Produkty przeznaczone do użytkowników, którzy cenią wysoką jakość, wydajność i prostotę aplikacji. Jednym słowem dla ludzi, którzy czerpią radość z pielęgnacji samochodów. Preparaty Funky Witch przeznaczone są zarówno dla hobbystów jak również profesjonalnych detailerów poszukujących zaawansowanych rozwiązań.
Jaki był Wasz pierwszy produkt bądź seria produktów?
Na początku pojawiły się 4 produkty:
- Magic Ball Glass Cleaner,
- Blue Broom APC,
- Wash&Posh Shampoo,
- oraz król quick detailerów- Botox.
Z których produktów najbardziej jesteście dumni i które najmocniej polecacie dla prawdziwych detailingowych świrów?

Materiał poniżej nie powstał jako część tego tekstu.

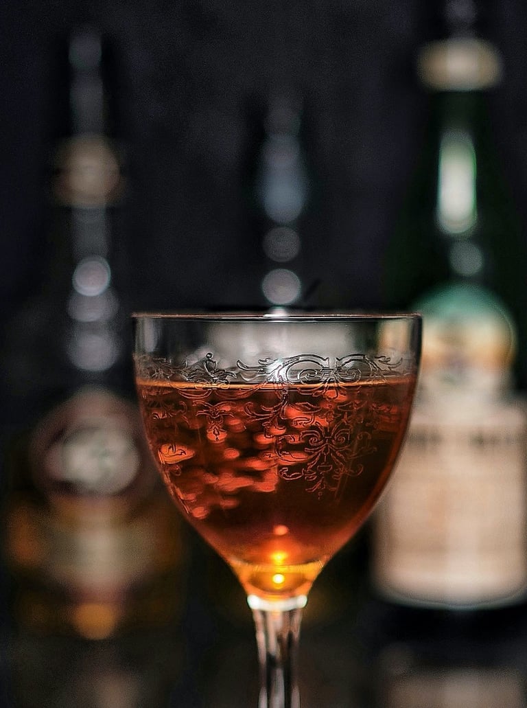 Stir 30-45 seconds. Strain into a chilled coupe. Garnish with freshly grated cardamom pods.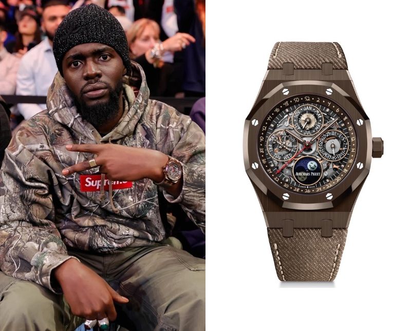 Sheck Wes’ Watch January 28, 2026 Sheck Wes, an American rapper, wears an Audemars Piguet Royal Oak Perpetual Calendar Openworked Cactus Jack Ref. 26585CM.OO.D301VE.01.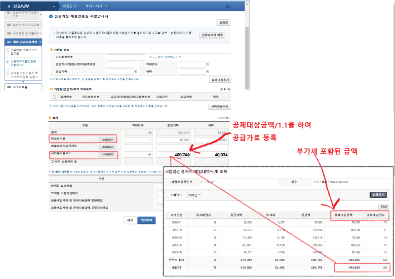 - 세액 계산 : 매출액 중 부가세를 포함한 금액에서 매입세액을 차감하여 세액을 계산합니다.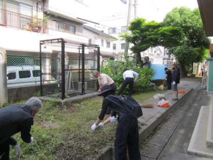 1日(月)は「正親清掃の日」です。地域やPTA本部,5年生の保護者の方々にお世話になり,校庭をきれいにしていただきました。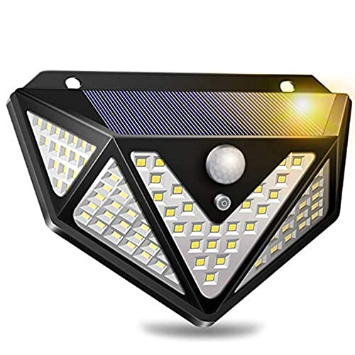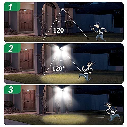LNIMI - ال نيمي 166 LED بالطاقة الشمسية للجدارمستشعر حركة بالاشعة تحت الحمراء السلبية - اضاءة خارجية - مصباح امان للحديقة مضاد للماء، أكريلونيتريل بوتادين ستايرين، أسود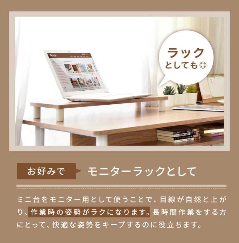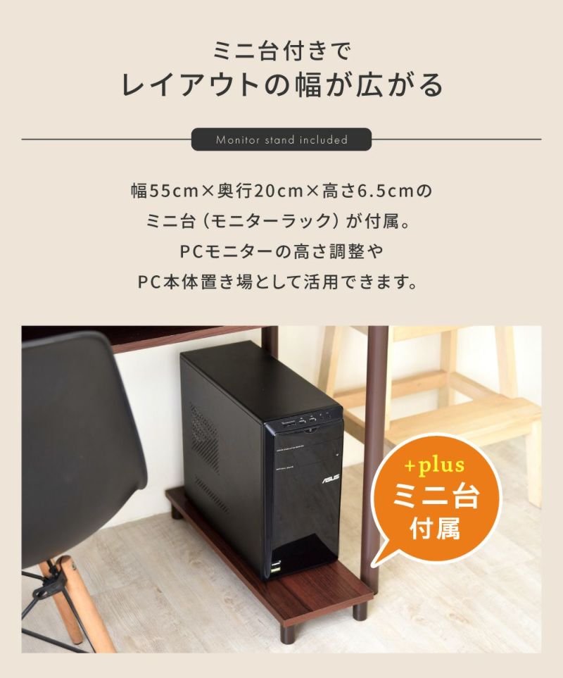 幅55cm×奥行20cm×高さ6.5cmのミニ台(モニターラック)が付属。PCモニターの高さ調整やPC本体置き場として活用できます。デスク上のデッドスペースを「収納」に変えてくれる頼れる相棒です.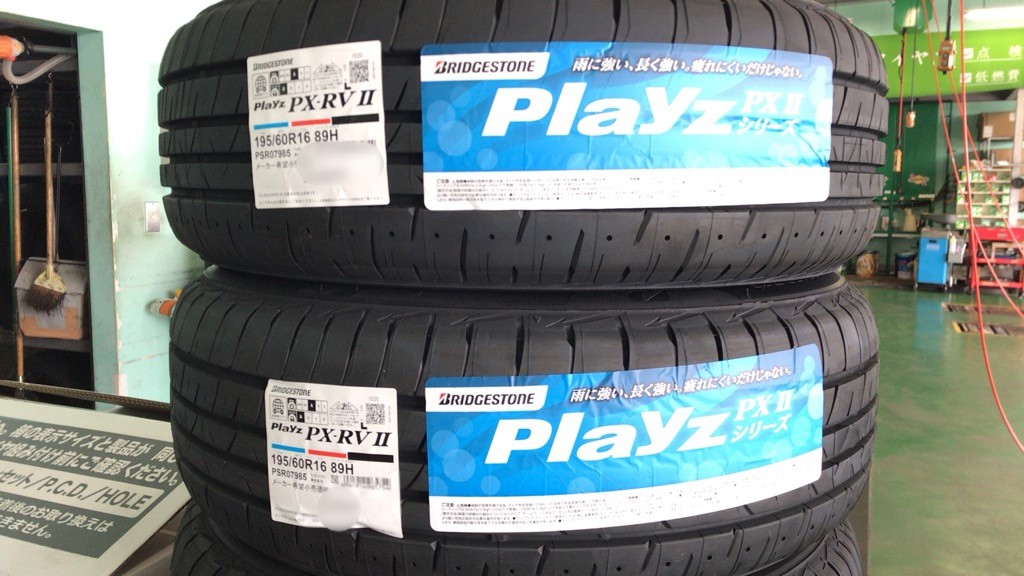 部活動の送り迎えや試合など、子供達を乗せて距離もかなり走るみたいで、直進安定性や雨の日も安心して走れるしっかりしたタイヤがイイという事で『プレイズPXーRVⅡ』へ交換する事になりました。
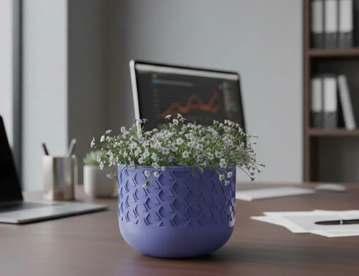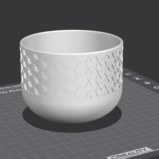 Cuenco - Macetero / Bowl - Planter là tô/chậu cây có bề mặt relief hình học. Kích thước: đường kính 10 cm, cao 7,5 cm, thành dày 3 mm, phù hợp in 3D làm chậu nhỏ hoặc đồ trang trí.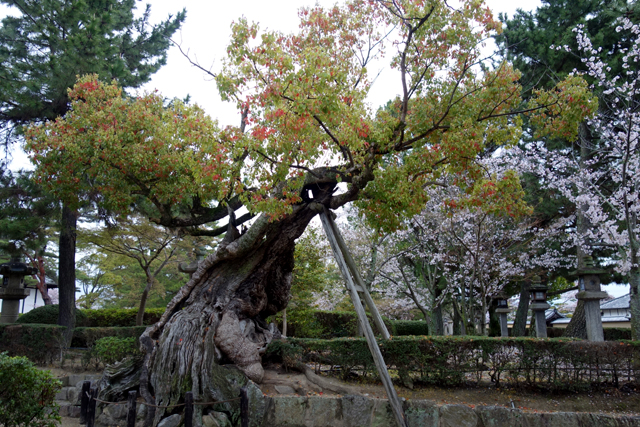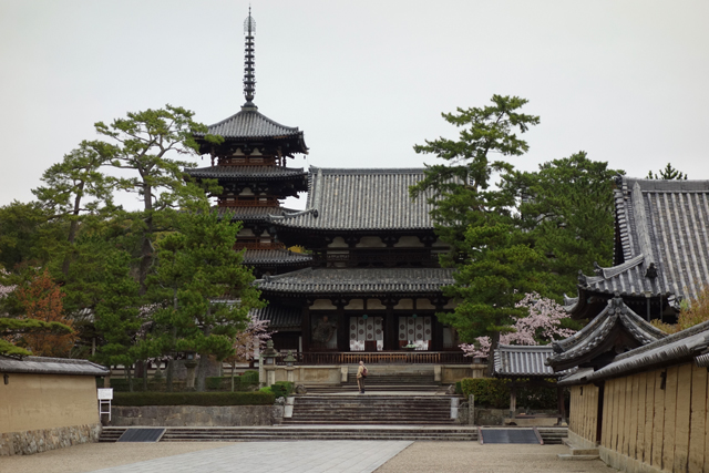 往復望看過後,便算是將「法隆寺」走訪一遭了,雖因時間有限,未能多所駐留、細細品味,但終究是了結數年來的心願,見識過這所謂的最古木造建築群。我看著櫻華,走過花毯,行經扭折奇樹,在返途的最終,再次回望著「西院伽藍」,與那峻偉的樓塔說聲再會。

Trudno wybrać jeden produkt, który napawa do dumy. Cała linia preparatów pozwala na pielęgnację samochodu od A do Z. Wykorzystanie wszystkich daje wiele zalet. Łatwość, szybkość i efekty. Klienci uwielbiają Botoxa, Mademoiselle, Gentlemana, Magic Ball, woski. Oczywiście są jeszcze dressingi, cleanery. Zachęcam do zapoznania się z całą gamą i wybranie najlepszych według każdego użytkownika.
Zdradzicie nam, czy planujecie w najbliższym czasie jakieś ciekawe nowości?
Oczywiście, że będą nowości. Nie mniej jak 3!!!
Pierwsza premiera prawdopodobnie już w połowie marca. Mogę zapewnić, że produkty są wspaniałe i dają niesamowite efekty.
Oczywiście przy woskach też będzie się coś działo.